All of these date options can be entered directly into the date field or you can use the Date Editor to construct the entry.
Additionally in Preferences’ Dates tab you can define what “about”, “before”, and “after” mean. These definitions come into play when calculating ages for an event and in filtering. The defaults are all 50 years. What this means is in a filter to find people born in 1900, a person with a birth date “about 1950” or “about 1850” will also return as valid for the filter. The same concept applies if the filter parameter is “after 1900”. Based upon the 50 year default, events with dates between 1900 and 1950 will return as valid. This is why it is always best to filter “between <date> and <date>”
Thanks @DaveSch, I already know all this. My point is the inability to express inaccuracy on a span “date”. This is in fact an interval of time with a beginning and an end. Obviously an interval of time is not a point in time. That a point in time may be exact, approximate, before, after or between does not change the fact that presently a point and an interval are represented within the same data structure. This implies that the interval is always considered exact (because there are only two date slots in the object) which is rarely the case in genealogy.
Therefore you can’t translate your uncertainty on the interval bounds. Both bounds may have different accuracy. See my example about a residency event.
I think subevents could resolve, may be, these dates issues.
It could be done with something like that:
event: Residence from date1 to date3
subevent Residence 1: about date1
subevent Residence 2: date2
subevent Residence 3: around date3
It would add precision to the main event, all knowledge we have of it.
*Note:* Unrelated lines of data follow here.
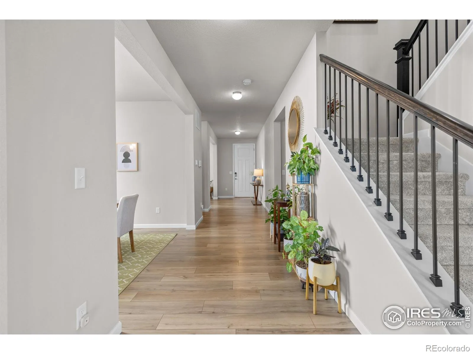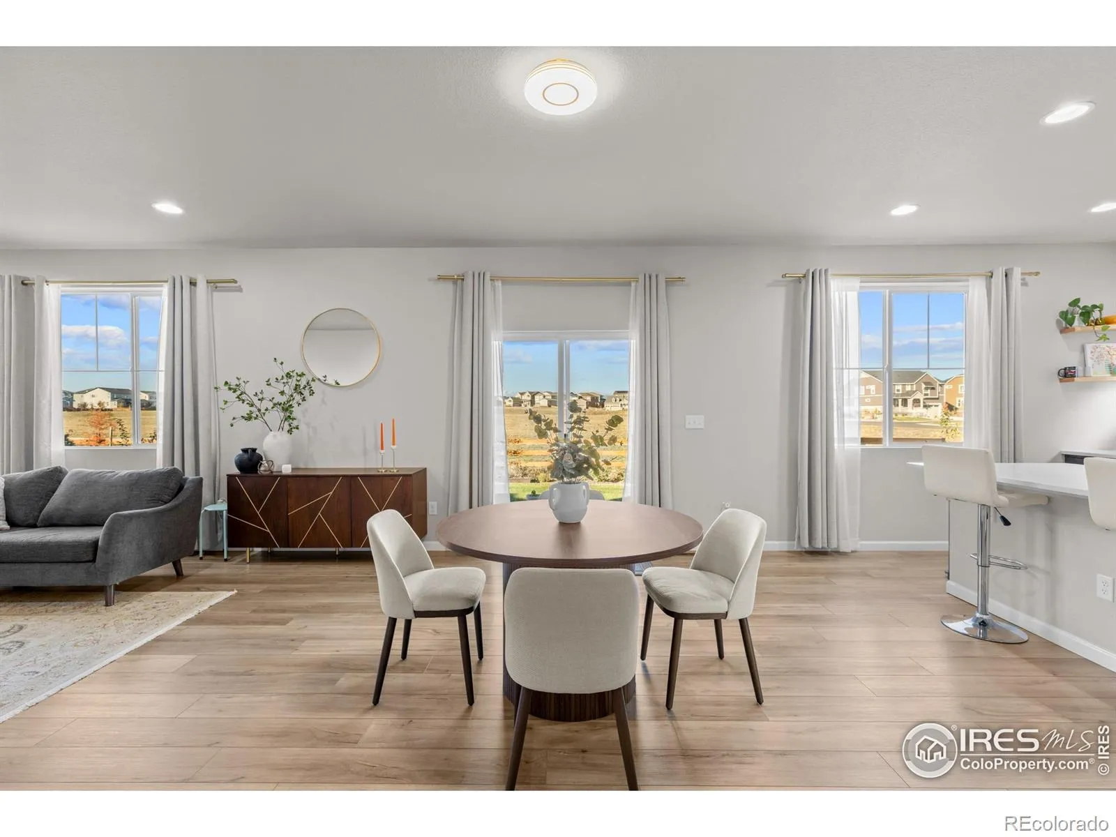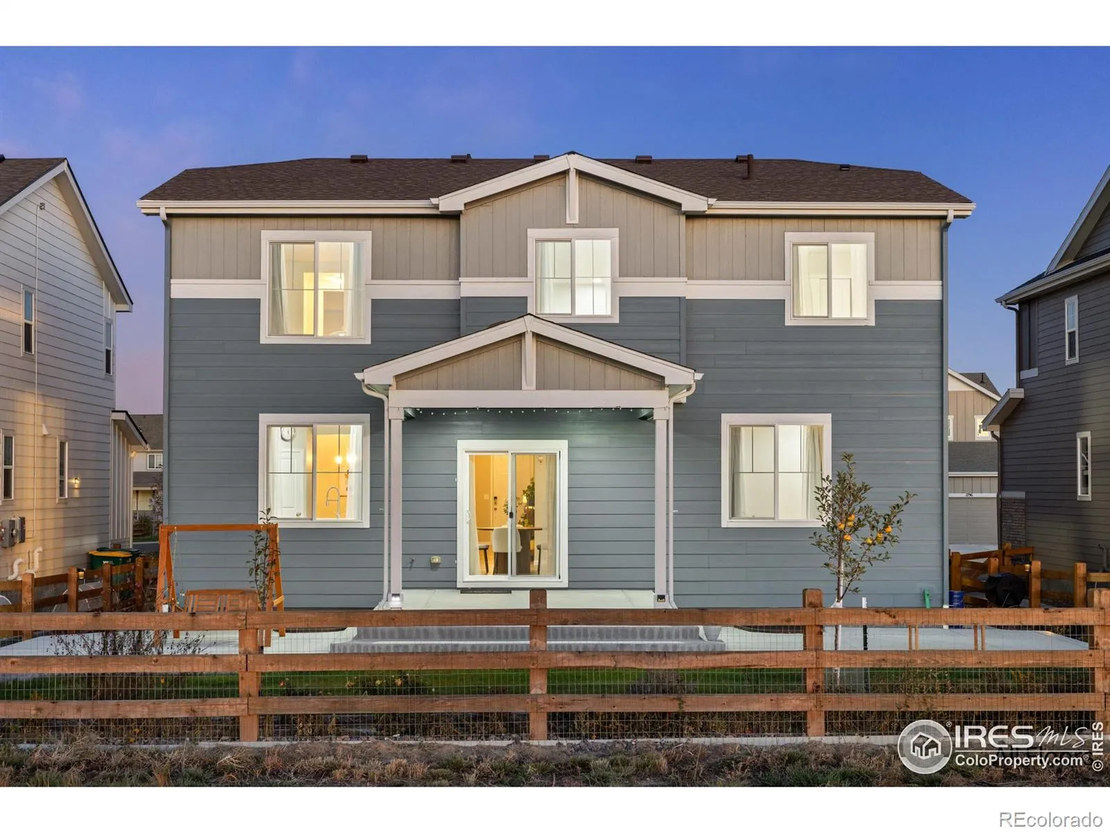 At 1809 Meagan Way, everyday comfort meets trail access mountain views, and open space right in your backyard. Built in 2022, this 4,446 square foot home offers 2,914 finished square feet designed around flexible living. The kitchen, dining, and living areas flow together easily, while a main-level bedroom with a private ensuite bath creates a convenient option for long-term guests or anyone who prefers a room on the main floor. A dedicated home office sits at the front of the home, and an additional flex room adapts as a second office, dining room, or quiet den. Upstairs, a spacious loft adds another relaxed gathering space. Two secondary bedrooms share a full bath with dual sinks, and the nearby laundry room helps streamline daily routines. The unfinished basement expands the possibilities, offering room for storage, future finishing, or hobby space. Step outside to a backyard designed for outdoor living. A large, covered patio looks onto open space and mountain views, and the yard includes fruit trees, garden beds, and established plantings. A natural gas hookup is ready for grilling or a future outdoor kitchen. Morgan Hill offers a welcoming environment with two neighborhood parks, a community pool, upcoming Town of Erie Park access, and miles of walking paths. The neighborhood trail behind the home provides a scenic stroll to the future park and a direct route into Downtown Erie, which sits just 1 mile away. Everyday essentials are also within easy reach, including the Erie Community Center 2 miles away, Erie Elementary and Erie Middle School both 1 mile away, and Erie High School 2 miles away.
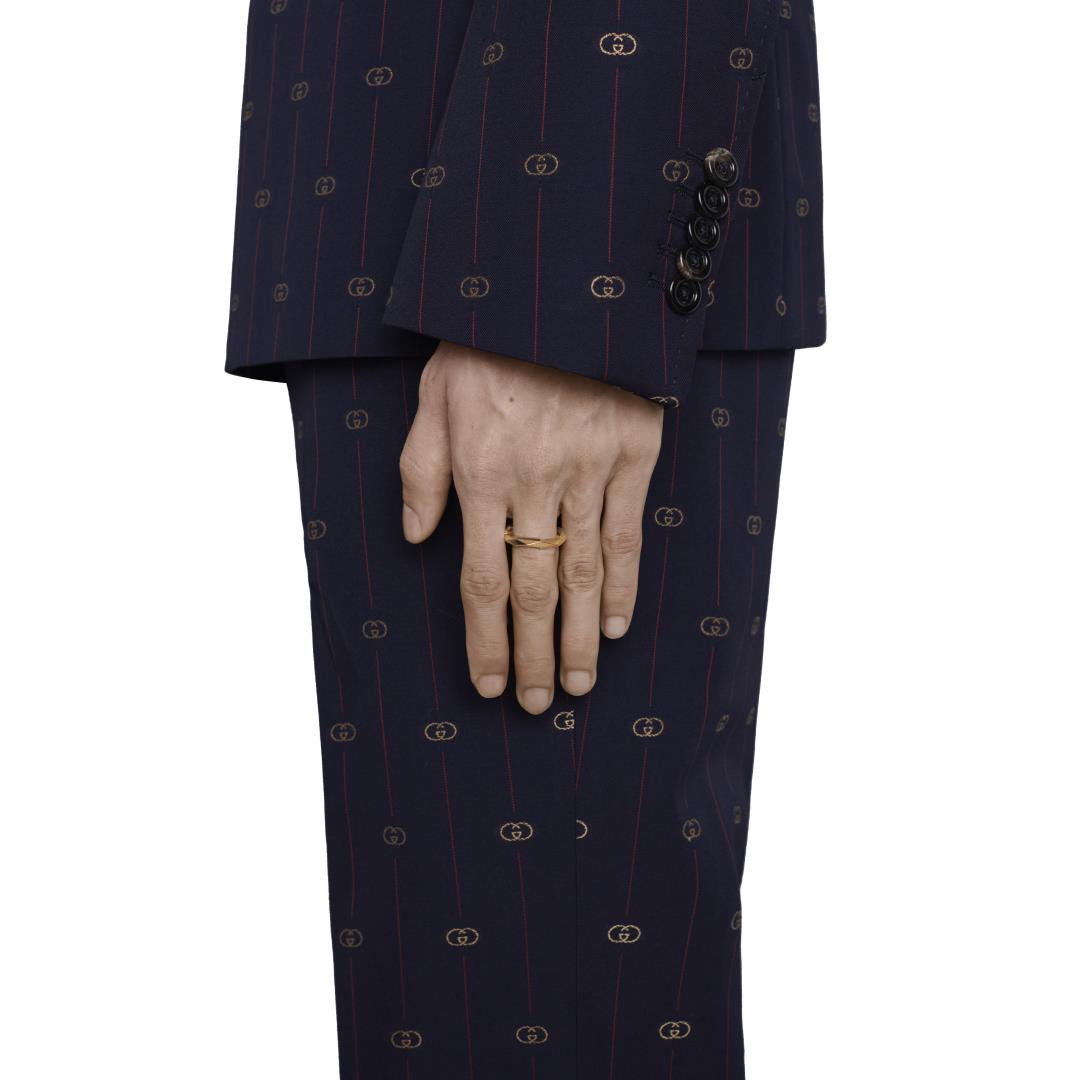 The Gucci Link to Love collection explores symbols of romance and love. The collection combines different gold tones and a mix of finishes blending the lines between masculine and feminine. Featuring the Gucci engraving, this 18ct yellow gold studded 4mm band ring has a stackable mechanism.
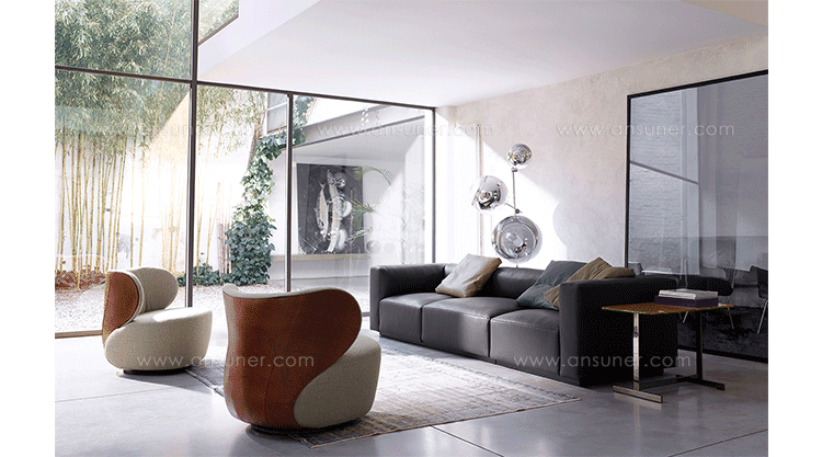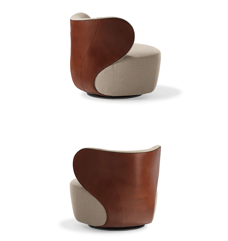"宽敞和圆润,优美的曲线设计正是Bao Sofa(Bao沙发)最吸引人的地方。华丽的雕塑艺术的靠背,皮革拼凑在一起形成一个球状的样子。流畅的线条--简洁和优雅。扶手椅上结合材料,同时保持它们鲜明︰优雅马鞍皮革座椅背,纺织着天然织物。Bao Sofa(Bao沙发)就像给您一个欢迎的拥抱。新颖独特扪面方式:织物和皮革组合,扶手及整个座椅完全覆盖在织物或皮革。"

And for the gedcom, it could inherit date from main event and sources, attributes… from subevents. Maybe gedcom creation could generate and add a note automaticaly to the event to augment it, translating the subevents meaning
Gramps still needs to be able to import/export GEDCOM without loosing information.
I thought GEDCOM exports were already lossy.
I think a very strong argument can be made the concern over GEDCOM compatability and the GEDCOM oriented mindset have held back the evolution of Genealogical software for two decades now.
Yes fully agree with that. Also many forum discussions about new fetaures died because there was no useful way to store new data in existing GEDCOM structures. Sometimes there were workarounds using the existing structures, but the usability was terrible.
Couldnt it be done that a lot of the things GEDCOM dont support directly, is converted to notes on GEDCOM export in some way? Instead of just not include them.
I’ve been using Gramps for 6 years, with original research (not copied) on 12,000 people.
I have never encountered a situation where this was a practical issue. Normally, just representing the end dates with suitable precision (gramps is happy to omit day-of-month and month-of-year) seems to handle most realistic use cases.
Representing lack of precision in a precise way (!!) is not needed strongly enough to justify the complexity of the code change and maintenance it would need.
I’m on the 6000 range. But many people lack records so for them it’s guess work. Based on other records I can have something like “period from after 1750” to before 1780 in the majority of cases. It is part of my way to tag work-to-be-done.
But sometimes such a duration event may be associated to recorded deeds. I should probably split into a begin event with the “stamped” record and an end event with again another record.
You’re probably right in your advice with truncated dates. Perhaps text dates like “Spring 1750” to “Autumn 1780” would be the ad hoc mention.